The situation is getting desperate as I try to find a Hollywood movie worth the price of admission. I walked out of Breakdown 20 minutes into the film as the plot began to break down. Thought about seeing "Lost World" or "Con Air", but negative reviews posted on the Web changed my mind.

So what a relief to discover some really fantastic film-making that unfortunately won't be available at you local Cineplex. Last night at the Anthology of Film Archives I saw "Red Hollywood", a documentary based on the examination of the works of blacklisted CP screenwriters and directors. The footage of their films of the 1930s through early 1950s was interspersed with commentary by key figures such as Paul Jarrico, Abraham Polonsky and Ring Lardner Jr., who are all still of the left. Polonsky in particular is one of the most personally engaging and politically incisive people you could imagine.

Here are some scattered notes on the movies that came under scrutiny:

1) "Woman of the Year", written by Ring Lardner Jr., was made during the Hitler-Stalin nonaggression pact. Katherine Hepburn is a snobbish rich woman whose globe-trotting proclivities includes a desire to get involved with overseas military adventures to save the world while Spencer Tracy is a rough-hewn down-to-earth sort of guy who thinks America has no business getting involved in other people's messes. His isolationism is dramatized in a memorable scene at one of her penthouse cocktail parties where a fat, turbaned foreign dignitary tries unsuccessfully to engage Spencer Tracy in conversation. When it becomes obvious that his knowledge of English is minimal, Tracy makes a rude remark about people who wear towels on their heads.

2) Two films reflect the turn toward support for the allies after Hitler's invasion of Russia. One is "Action in the North Atlantic" which depicts the struggle in the soul of a merchant seaman to return to dangerous work in mined waters. He chooses duty over personal safety. As his ship enters the docks at Murmansk, the American sailors and the Russian dockhands greet each other as comrade. An example of pure Popular Front WWII kitsch is Jarrico's "Thousands Cheer" as chorus, lead soprano and symphony orchestra play a patriotic hymn by Shostakovitch. Jarrico wryly adds that while there was plenty of pro-Soviet pap, there was little to distinguish it from pro-American pap.

3) After the war, tensions started to rise between the USSR and the USA. One of the first films to examine the embryonic cold war was Joseph Losey's "Boy with Green Hair", written by Ben Barzman. (I knew his son Jon from my SWP days.) The excerpt shows the boy shopping in a grocery store as adults chat about the need to avert a new war. The look of panic grows on his face until he drops a bottle of milk on the floor, shattering it and drawing everybody's attention to his obviously frightened appearance.

4) The classic films of Hollywood Communism include "Body and Soul", "Force of Evil" and "I Can Get it for you Wholesale" written by Abraham Polonsky. They starred John Garfield, who started out in the left-wing Actors Studio and then went to Hollywood and acted in or produced dozens of hard-boiled, socially conscious films.

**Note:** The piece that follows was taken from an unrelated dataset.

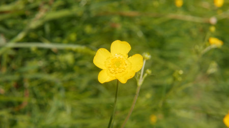 closeup yellow wildflower buttercup marsh

He was a Jew from the lower east side who never joined the Communist Party, but was friendly. When summoned before HUAC, he refused to name names. When threatened with blacklisting, he still refused and finally died of a heart-attack in a time of great stress.

5) After Hollywood purged the CPers, they on their own put together an independent production "Salt of the Earth" that represents what politically conscious artists can come up with when they don't have to compromise. Written by Paul Jarrico, it depicts the strike of Chicano miners in New Mexico. After they are enjoined from picketing, their wives step in to replace them over the male chauvinist objections of the men. The miners are also sensitive to questions of national oppression as they explain to the Anglo union leader that they are tired of getting treated unequally.